Diagnosis: Diagnosis is essentially clinical. Some cases may resemble pemphigus vulgaris. The distinctive features have been summarized in a table in the previous hub, just click on the previous hub on the slide below. The course of dermatitis herpetiformis is chronic with a fluctuating pattern. Life is not shortened, but some cases may develop pemphigus on long follow up.

Treatment: General management consists of rest, removal of septic foci and antibodies if required.

Specific therapy: Dapsone in a dose of 50 mg/day and sulpharyridine in a dose of 2 to 3 g/day bring about excellent response. Local application of antipruritic lotions like 1^ phenol in calamine lotion gives symptomatic relief.
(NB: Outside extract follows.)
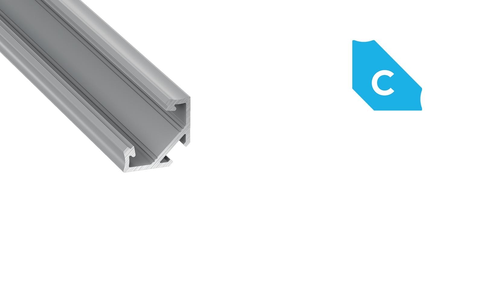 PROFIL C LUMINES narożny o kącie nachylenia taśmy/listwy LED równym 45 stopni. Jeden z najbardziej minimalistycznych i nowoczesnych projektów. Świetnie nadający się do designerskich połączeń dwóch prostopadłych powierzchni oraz wszędzie tam, gdzie konieczne jest skierowanie światła wychodzącego z profilu pod kątem 45 stopni.

In the tropics, this is a less common lesion but it is frequent in the temperate zones. Probably, the condition results from sensitization by infective agents, eg. Streptococcus hemolyticus or drugs. In many cases, there is a previous history of sore throat or drug intake.

Clinical features: The onset is acute with general symptoms like fever and malaise. The skin lesions are multiple and polymorphic, distributed symmetrically over the dorsum of the hands and legs, face and neck. The skin lesions consists of edematous maculates and flatterned papules. Vesiculation is uncommon. At times, bullae may develop. Such bullae arise from erythematous bases. Mucous membranes are not generally involved. The local lesion is asymptomatic except for mild pruritus or burning. Rarely, erythema multiforme may be associated with gastrointestinal upsets, arthritis or hemorrhages.

Stevens Johnson Syndrome: This is a severe form of erythema multiforme in which extensive bullous lesions occur in the skin and mucous membranes of the mouth, eyes, urethra and respiratory tract. This is associated with high fever and prostration.

Course and prognosis: The whole attack of erythema multiforme lasts for 2 to 4 weeks. Recurrence is not uncommon. Majority of cases heal spontaneously if the offending agent is removed by the bullous variety can be severe and even fatal.

Principles of treatment: (a) withdraw the offending agent such as drugs or dietary allergies, (b) infections are treated with appropriate antibiotics, (c) antihistamines given orally reduce the severity of the attack, (d) in severe cases, corticosteroids are indicated, (e) local relief can be obtained by application of calamine lotion containing 1% phenol.

Conclusion

Though. Toxic epidermal necrolysis, dermatitis herpetiformis and erythema multiforme could be very uncomfortable during their manifestations, they still stand a very low risk to life and are highly treatable.